=== Work order ===
Look in the listing below for the line that has "Серия ЭНХЕТ позволяет", then return it and each following line up to and including the one with "Siyah zirkon, beyaz", exactly and without pictures.

=== Entries supplied ===
··········

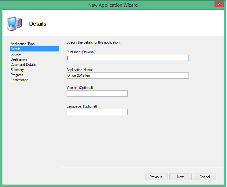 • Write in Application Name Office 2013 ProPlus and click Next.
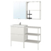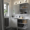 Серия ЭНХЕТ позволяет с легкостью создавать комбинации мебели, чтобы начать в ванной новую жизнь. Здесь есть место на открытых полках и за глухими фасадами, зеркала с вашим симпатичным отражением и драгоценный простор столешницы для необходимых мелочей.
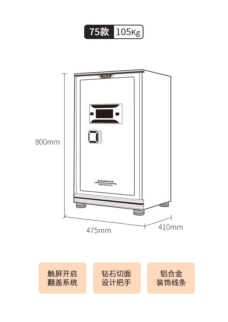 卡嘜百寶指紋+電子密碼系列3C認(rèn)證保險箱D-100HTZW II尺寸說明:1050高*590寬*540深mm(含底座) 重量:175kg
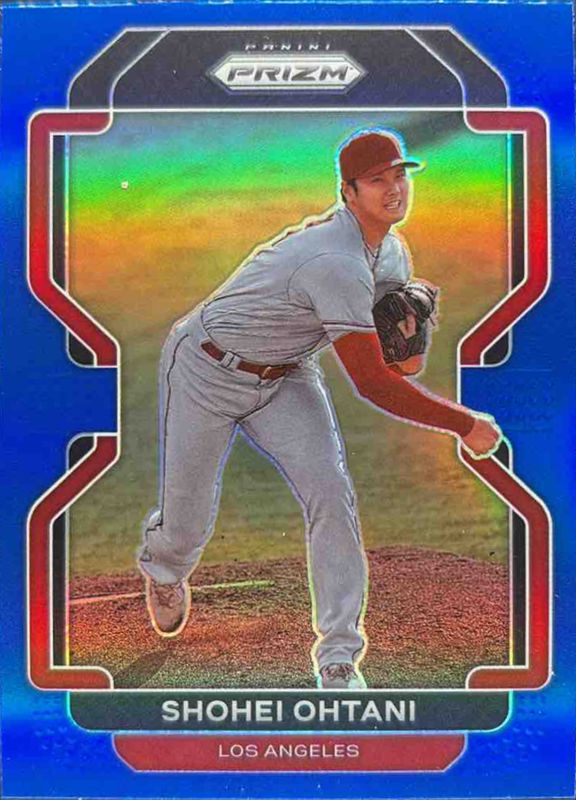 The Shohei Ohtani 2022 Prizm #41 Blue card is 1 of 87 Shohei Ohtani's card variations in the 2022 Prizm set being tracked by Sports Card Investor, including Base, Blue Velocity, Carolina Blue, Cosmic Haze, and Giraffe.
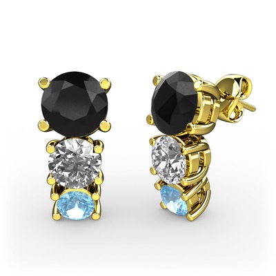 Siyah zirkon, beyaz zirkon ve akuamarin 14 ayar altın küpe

··········

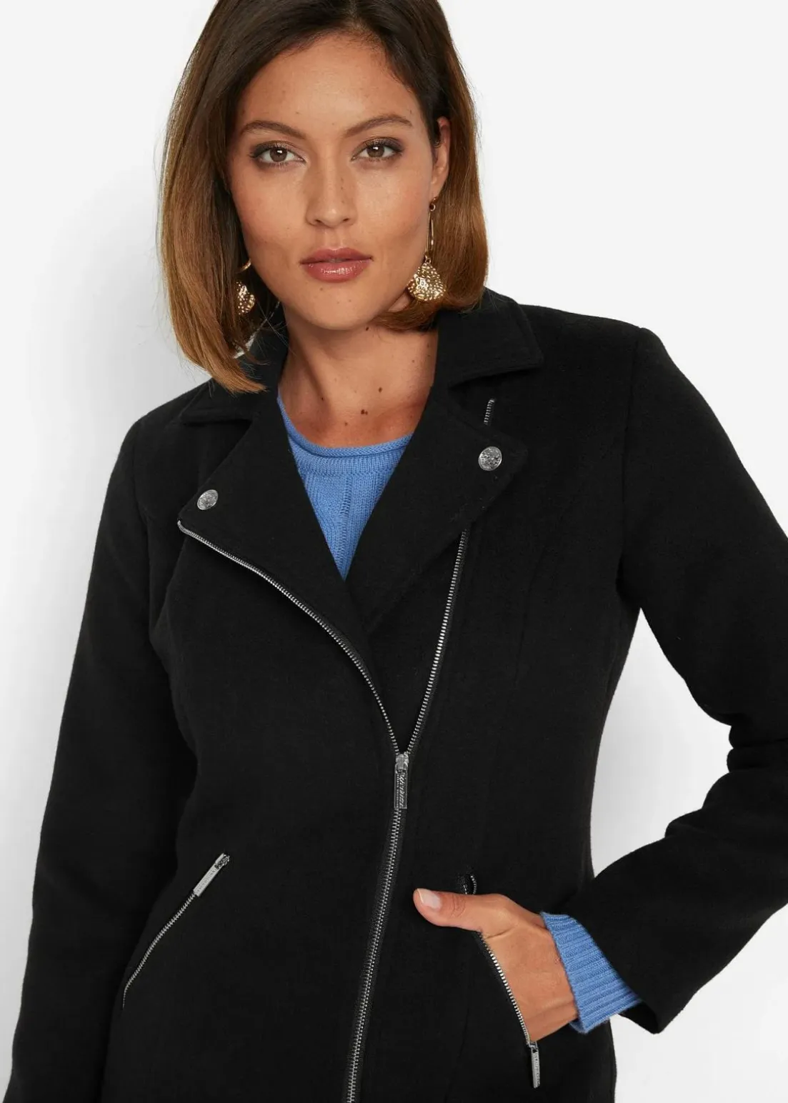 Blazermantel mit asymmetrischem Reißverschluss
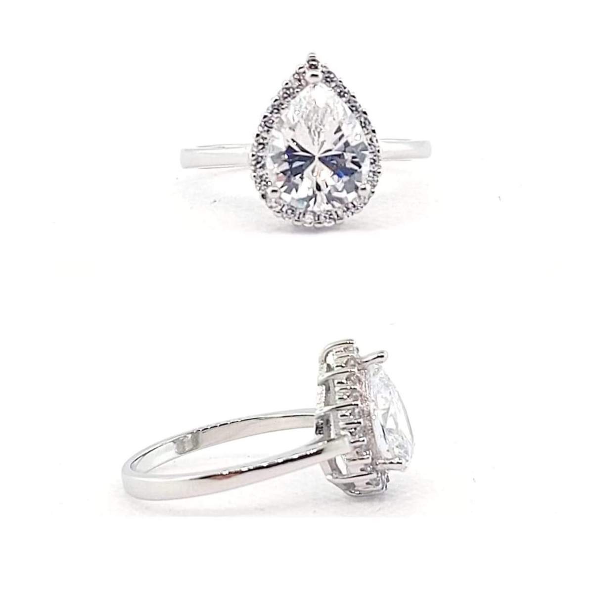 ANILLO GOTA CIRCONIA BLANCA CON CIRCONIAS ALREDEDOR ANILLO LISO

··········

=== Answer to this problem ===
 Серия ЭНХЕТ позволяет с легкостью создавать комбинации мебели, чтобы начать в ванной новую жизнь. Здесь есть место на открытых полках и за глухими фасадами, зеркала с вашим симпатичным отражением и драгоценный простор столешницы для необходимых мелочей.
 卡嘜百寶指紋+電子密碼系列3C認(rèn)證保險箱D-100HTZW II尺寸說明:1050高*590寬*540深mm(含底座) 重量:175kg
 The Shohei Ohtani 2022 Prizm #41 Blue card is 1 of 87 Shohei Ohtani's card variations in the 2022 Prizm set being tracked by Sports Card Investor, including Base, Blue Velocity, Carolina Blue, Cosmic Haze, and Giraffe.
 Siyah zirkon, beyaz zirkon ve akuamarin 14 ayar altın küpe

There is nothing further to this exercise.